» **AIM OF THE TASK**: Only the text carries over: repeat the records exactly and drop the images.

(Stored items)
================

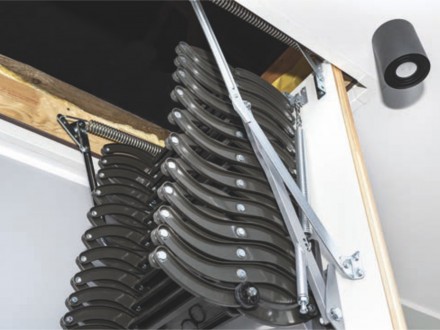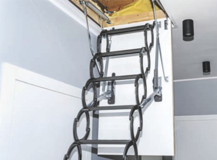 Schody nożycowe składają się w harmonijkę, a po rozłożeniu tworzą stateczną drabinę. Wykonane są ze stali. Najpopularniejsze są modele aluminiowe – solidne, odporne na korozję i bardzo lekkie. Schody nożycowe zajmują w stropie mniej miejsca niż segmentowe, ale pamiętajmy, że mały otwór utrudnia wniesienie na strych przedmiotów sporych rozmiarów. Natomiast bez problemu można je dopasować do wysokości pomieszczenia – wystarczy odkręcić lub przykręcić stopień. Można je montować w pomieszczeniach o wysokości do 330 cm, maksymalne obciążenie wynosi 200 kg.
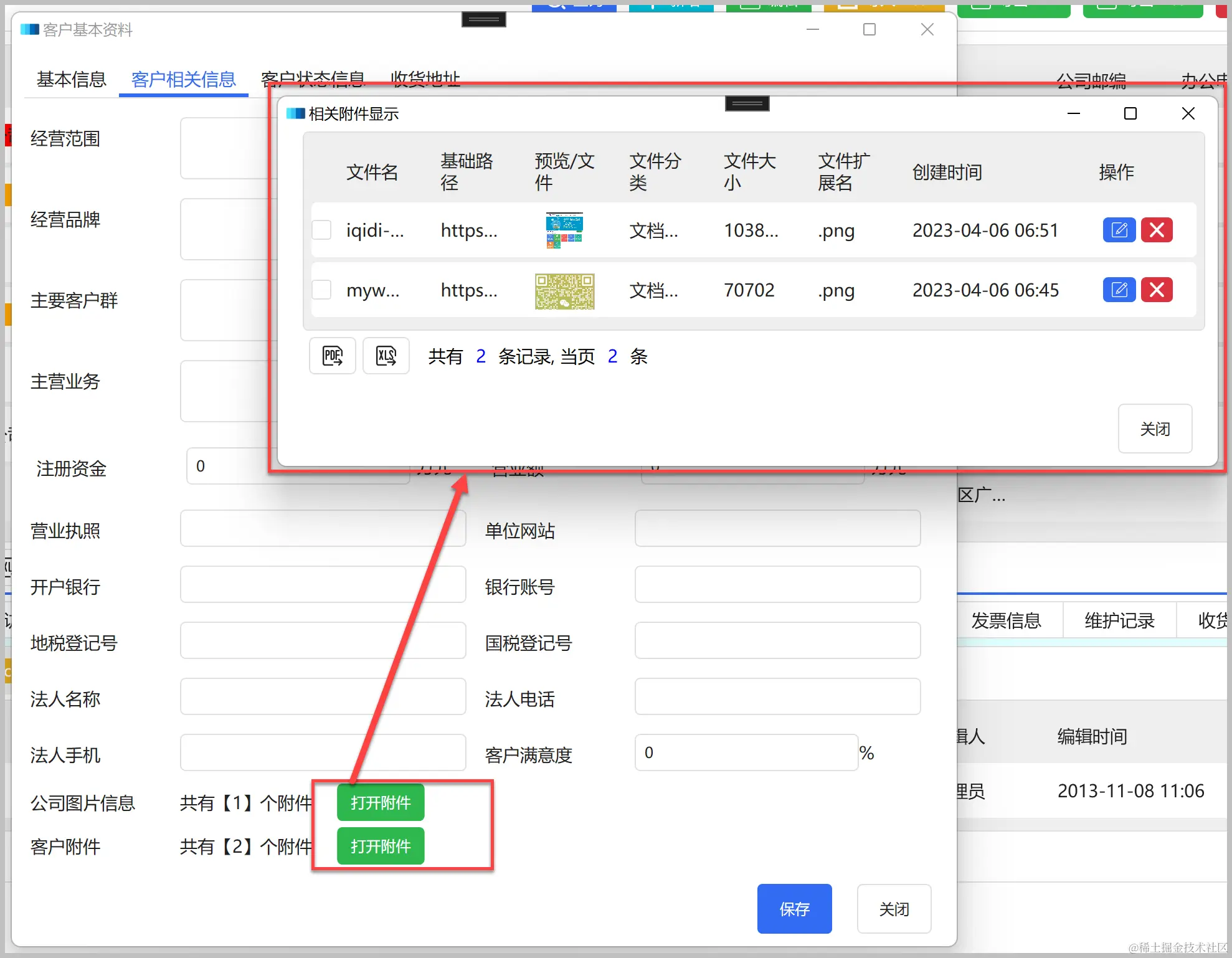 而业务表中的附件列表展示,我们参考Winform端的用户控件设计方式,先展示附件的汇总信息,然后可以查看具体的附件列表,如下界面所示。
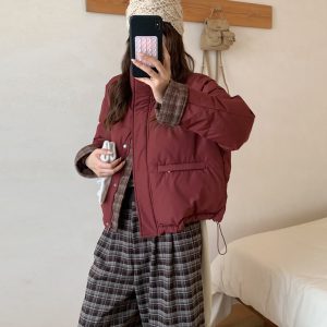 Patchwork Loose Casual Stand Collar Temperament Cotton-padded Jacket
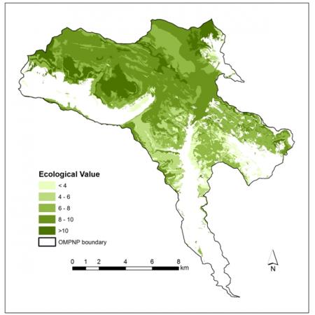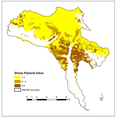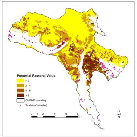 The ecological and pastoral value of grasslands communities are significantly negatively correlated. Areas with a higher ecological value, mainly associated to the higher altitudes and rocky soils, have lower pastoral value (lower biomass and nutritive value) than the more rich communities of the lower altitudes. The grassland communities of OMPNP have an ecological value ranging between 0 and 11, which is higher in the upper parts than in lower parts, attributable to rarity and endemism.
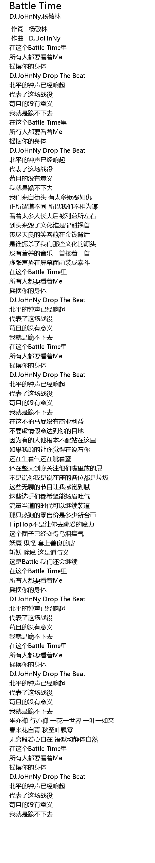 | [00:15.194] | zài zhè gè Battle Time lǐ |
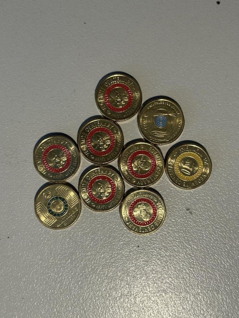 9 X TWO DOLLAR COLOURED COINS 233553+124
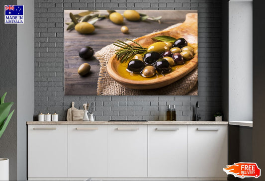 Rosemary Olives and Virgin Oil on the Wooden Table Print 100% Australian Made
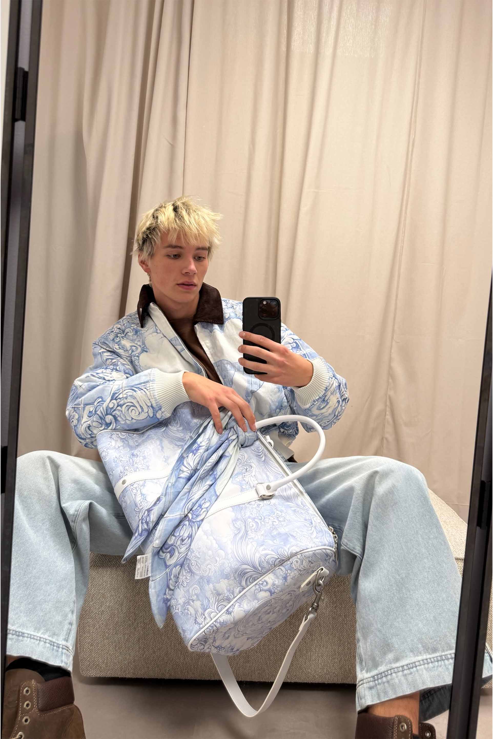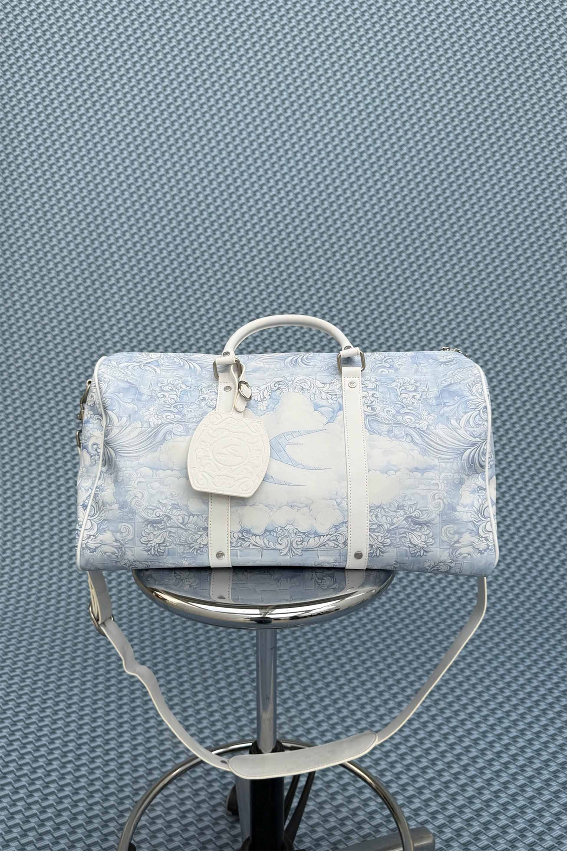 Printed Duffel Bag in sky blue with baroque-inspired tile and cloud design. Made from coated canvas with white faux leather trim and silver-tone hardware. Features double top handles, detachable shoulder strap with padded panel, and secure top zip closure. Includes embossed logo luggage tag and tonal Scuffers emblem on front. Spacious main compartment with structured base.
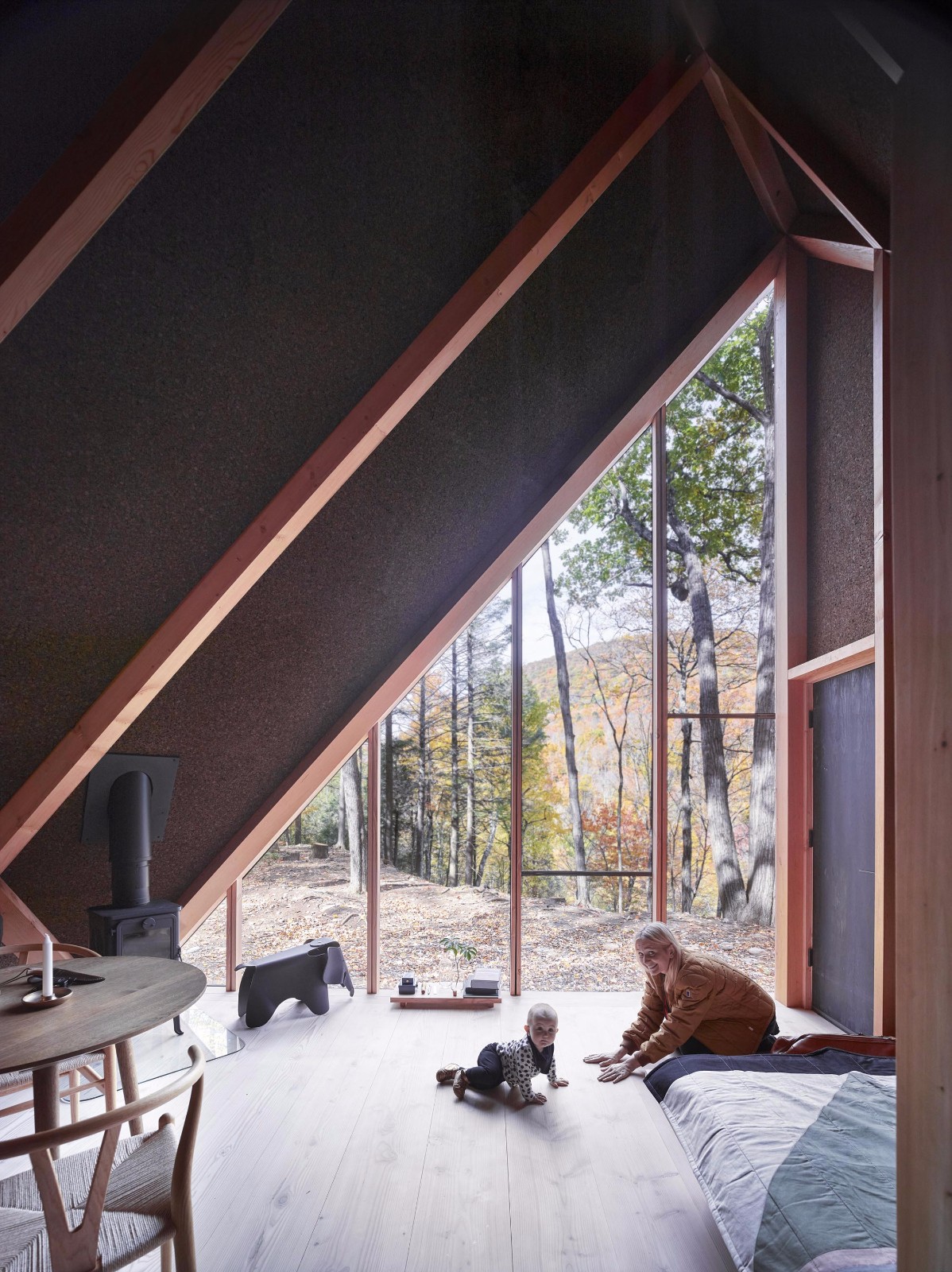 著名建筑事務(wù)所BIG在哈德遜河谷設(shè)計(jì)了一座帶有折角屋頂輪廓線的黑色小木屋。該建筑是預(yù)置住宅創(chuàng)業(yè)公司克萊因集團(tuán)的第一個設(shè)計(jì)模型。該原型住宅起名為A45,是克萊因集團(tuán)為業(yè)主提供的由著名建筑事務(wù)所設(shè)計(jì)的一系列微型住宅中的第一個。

================

» **OUTPUT FOR THIS TASK**:
 Schody nożycowe składają się w harmonijkę, a po rozłożeniu tworzą stateczną drabinę. Wykonane są ze stali. Najpopularniejsze są modele aluminiowe – solidne, odporne na korozję i bardzo lekkie. Schody nożycowe zajmują w stropie mniej miejsca niż segmentowe, ale pamiętajmy, że mały otwór utrudnia wniesienie na strych przedmiotów sporych rozmiarów. Natomiast bez problemu można je dopasować do wysokości pomieszczenia – wystarczy odkręcić lub przykręcić stopień. Można je montować w pomieszczeniach o wysokości do 330 cm, maksymalne obciążenie wynosi 200 kg.
 而业务表中的附件列表展示,我们参考Winform端的用户控件设计方式,先展示附件的汇总信息,然后可以查看具体的附件列表,如下界面所示。
 Patchwork Loose Casual Stand Collar Temperament Cotton-padded Jacket
 The ecological and pastoral value of grasslands communities are significantly negatively correlated. Areas with a higher ecological value, mainly associated to the higher altitudes and rocky soils, have lower pastoral value (lower biomass and nutritive value) than the more rich communities of the lower altitudes. The grassland communities of OMPNP have an ecological value ranging between 0 and 11, which is higher in the upper parts than in lower parts, attributable to rarity and endemism.
 | [00:15.194] | zài zhè gè Battle Time lǐ |
 9 X TWO DOLLAR COLOURED COINS 233553+124
 Rosemary Olives and Virgin Oil on the Wooden Table Print 100% Australian Made
 Printed Duffel Bag in sky blue with baroque-inspired tile and cloud design. Made from coated canvas with white faux leather trim and silver-tone hardware. Features double top handles, detachable shoulder strap with padded panel, and secure top zip closure. Includes embossed logo luggage tag and tonal Scuffers emblem on front. Spacious main compartment with structured base.
 著名建筑事務(wù)所BIG在哈德遜河谷設(shè)計(jì)了一座帶有折角屋頂輪廓線的黑色小木屋。該建筑是預(yù)置住宅創(chuàng)業(yè)公司克萊因集團(tuán)的第一個設(shè)計(jì)模型。該原型住宅起名為A45,是克萊因集團(tuán)為業(yè)主提供的由著名建筑事務(wù)所設(shè)計(jì)的一系列微型住宅中的第一個。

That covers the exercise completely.